INTERSPEECH 2006 - ICSLP
This paper proposes a robust feature extraction method for automatic speech recognition (ASR) systems in reverberant environment. In this method, a sub-band power envelope inverse filtering algorithm based on the modulation transfer function (MTF), that we have previously proposed, is incorporated as a front-end processor for ASR. The impulse response of the room acoustics is assumed to be exponential decay modulated white noise, and speech is assumed to be temporal modulated white noise in each sub-band. Therefore, the impulse response of the environment does not need to be measured. Testing demonstrated that this algorithm can restore the temporal power envelope of reverberant speech in subbands and thus reduce the loss of speech intelligibility caused by reverberation. Testing of its ability to recognize digitized Japanese speech was done by using reverberant speech created by simple convolution of the room acoustics and speech.
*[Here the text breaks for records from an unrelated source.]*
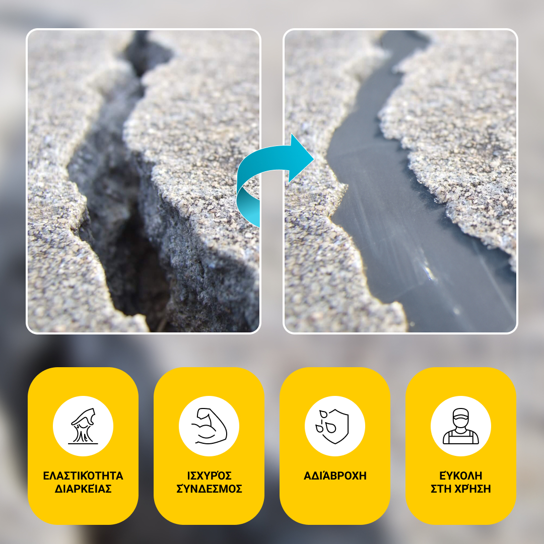 - Σφραγίζει ρωγμές και διαρροές νερού
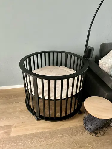 Hier ook een ronde box! Staat niet meer in de weg dan een vierkante zou doen denk ik! Wat ik wel een nadeel vind is dat er een rand om heen zit waar veel baby mobile niet op passen! Daar zou ik wel op letten x
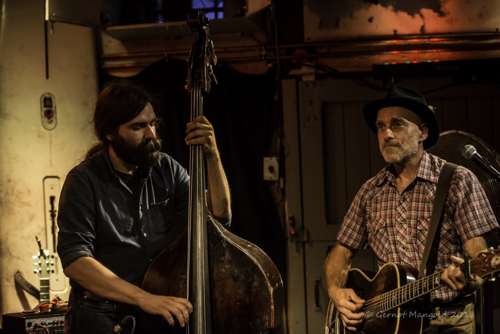 Bei mehreren Tracks konnte auch sein Fiddlespieler beweisen, dass er gesangstechnisch überzeugen kann, wobei er fast die ganze Zeit leicht tänzelnd sein Instrument bearbeitete. Auch der Akteur am Banjo durfte einen tragenden Gesangspart übernehmen. Mit einem Wolfsjaulen bei – nomen est omen – „Wolfs Howling“, leitete er seinen Part ein. Die Rhythmussektion samt Bass und dem Schlagzeuger, wenn man dem selbstgebauten umgehängten Instrument damit gerecht wird, sorgten für die nötige Fülle der Songs.

The algorithm had a 32.1% higher error reduction rate (on average, for reverberation times from 0.1 to 2.0 s) compared with the traditional cepstral mean normalization (CMN) of the auditory power spectrum based method (AFCC).
Bibliographic reference. Lu, Xugang / Unoki, Masashi / Akagi, Masato (2006): "A robust feature extraction based on the MTF concept for speech recognition in reverberant environment", In INTERSPEECH-2006, paper 1801-Thu2CaP.7.